Today, data science is all that organizations are busy focusing on. That’s because, over the last decade, there has been so much data generated as well as retained by companies, also known as ‘big data’ that can be used in many innovative ways to make smarter decisions.
The power of big data is evident in multiple industries now. In a healthcare company, big data can actually save and improve lives. By having plentiful data of a patient and the surroundings they stay in, it is possible to construct models that can be trained to anticipate various results of interest. For instance, models can be designed to foresee the progression of a disease that can be incredibly helpful in disease planning as well as management.
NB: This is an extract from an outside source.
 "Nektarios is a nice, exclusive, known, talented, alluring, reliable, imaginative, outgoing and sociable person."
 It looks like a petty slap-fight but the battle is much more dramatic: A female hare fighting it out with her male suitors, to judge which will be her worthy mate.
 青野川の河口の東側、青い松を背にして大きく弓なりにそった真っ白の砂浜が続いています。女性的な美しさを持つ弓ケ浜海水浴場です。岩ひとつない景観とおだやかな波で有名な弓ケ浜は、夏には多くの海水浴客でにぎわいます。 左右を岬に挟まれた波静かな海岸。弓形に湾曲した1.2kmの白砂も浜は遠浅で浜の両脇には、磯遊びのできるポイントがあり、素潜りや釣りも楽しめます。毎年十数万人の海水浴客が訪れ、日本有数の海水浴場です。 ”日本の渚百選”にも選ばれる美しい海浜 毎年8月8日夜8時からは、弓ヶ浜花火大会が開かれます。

The people who are responsible for making sense out of the data available to any organization are known as data scientists. They are the ones who can figure out how and where to use data in the best possible manner. The role of a data scientist is a blend of a statistician, an engineer, and an analyst. No wonder that it is declared as the “sexiest job title of the 21st century” by Harvard Business Review.
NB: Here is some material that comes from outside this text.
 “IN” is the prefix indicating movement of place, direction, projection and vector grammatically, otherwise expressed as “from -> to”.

Due to recent development in the field of data science, the position of a microsoft power automate vs uipath has begun to seem quite enticing to loads of people who now aspire to attain a data scientist jobs. To cater the need of such people, various institutes are introducing data science certification courses for imparting data science knowledge to those who wish to have a successful career in big data.
Now let us look the tasks carried out by a data scientist.
- Data analysis
- Modeling/statistics
- Engineering/prototyping
The work of a data scientist begins with cleaning the data. As there are large bulks of data available with an enterprise that is not in the proper format. A data scientist makes this data presentable and put it in a format that is easy to use. Now comes the analysis part.
Data analysis
This is the part where a data scientist works with large sets of data that are too huge for a spreadsheet or even a whole computer. By creating plots of the data, a data scientist is able to explain the data in a manner that it becomes extremely easy to act on it. For instance, at Facebook, the data scientists were able to evaluate that having at the minimum ten friend’s guarantees that a user will keep operating the website, hence, there are multiple types of machinery applied by Facebook to help us find friends.
Modeling/statistics
It is during this time that theoretic knowledge crawls into data science. When you reach a state when the data is already clean and understandable, you need to make predictions from that data. This step involves a lot of complications.
Thanks to machine learning, we can avail various strong algorithms to build a model for tackling problems, however, there is no surety whether that model will work best for you. So, data scientists analyze those models and also go back and refer the data in order to come up with unique features to make improvements in the model.
Engineering/prototyping
In this part, a data scientist builds a kind of data product for those who don’t have a detailed learning of data science. This involves many patterns that comprise of a visualization, an application or a metric on a dashboard.
If a data scientist will make a full-fledged application or only a proof of concept will bank on the amount of data available and the final consumers.